▸ Exercise
Write back, word for word, the lines from the one containing "5月30日,sjb世俱杯官方" to the end of the listing below. Include nothing else, and no pictures.

▸ Collected material
>>>

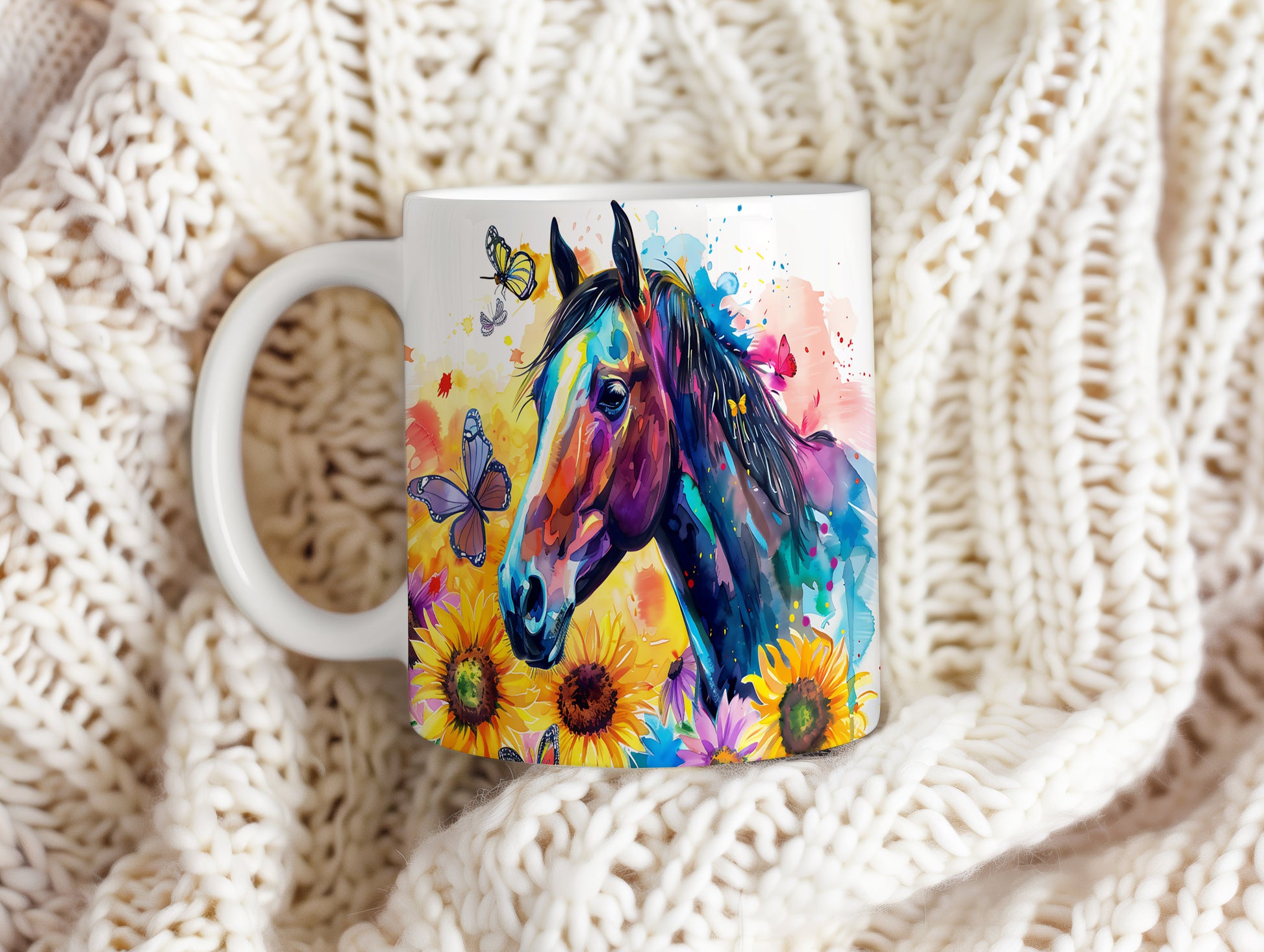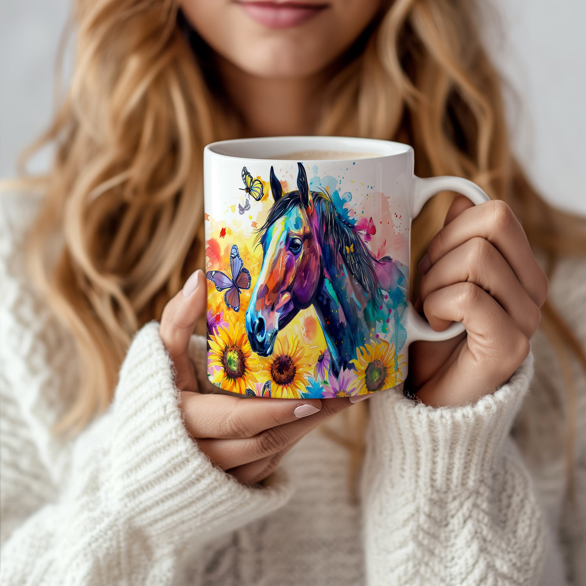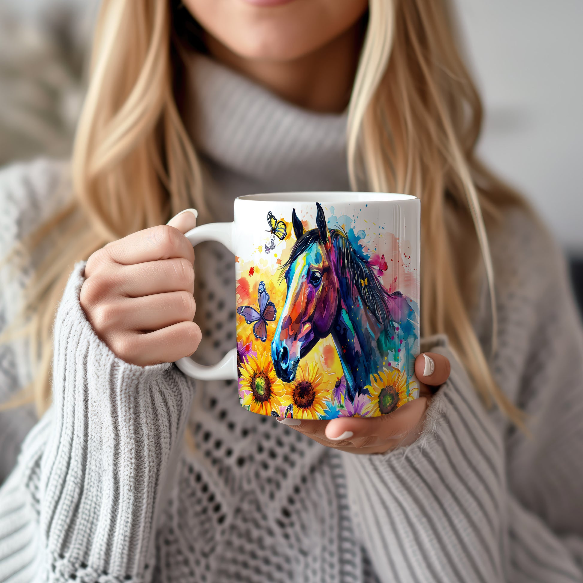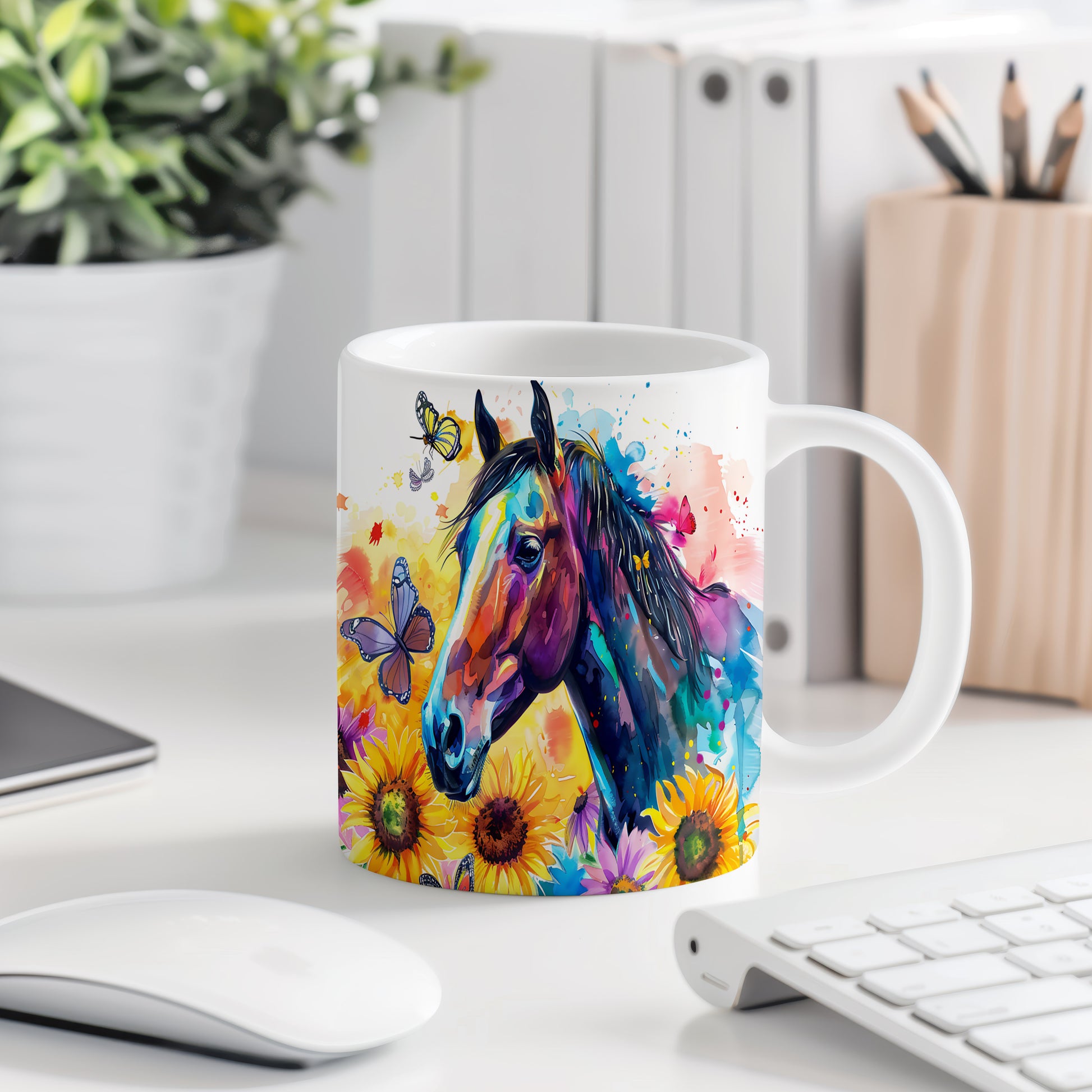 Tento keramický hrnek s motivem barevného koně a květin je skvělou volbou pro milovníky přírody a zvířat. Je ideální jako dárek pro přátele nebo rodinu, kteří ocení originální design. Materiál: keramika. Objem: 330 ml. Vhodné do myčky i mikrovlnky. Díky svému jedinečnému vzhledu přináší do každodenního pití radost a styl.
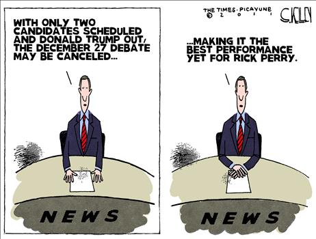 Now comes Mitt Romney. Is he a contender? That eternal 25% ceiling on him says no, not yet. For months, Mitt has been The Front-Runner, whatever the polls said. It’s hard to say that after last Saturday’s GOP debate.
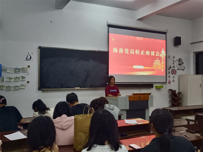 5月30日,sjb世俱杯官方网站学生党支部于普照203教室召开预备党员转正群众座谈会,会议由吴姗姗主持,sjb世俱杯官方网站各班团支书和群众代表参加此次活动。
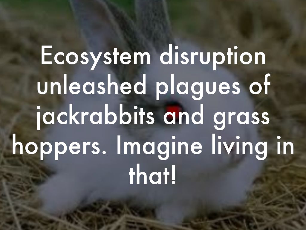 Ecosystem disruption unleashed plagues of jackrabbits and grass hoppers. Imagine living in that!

<<<

▸ Response below
 5月30日,sjb世俱杯官方网站学生党支部于普照203教室召开预备党员转正群众座谈会,会议由吴姗姗主持,sjb世俱杯官方网站各班团支书和群众代表参加此次活动。
 Ecosystem disruption unleashed plagues of jackrabbits and grass hoppers. Imagine living in that!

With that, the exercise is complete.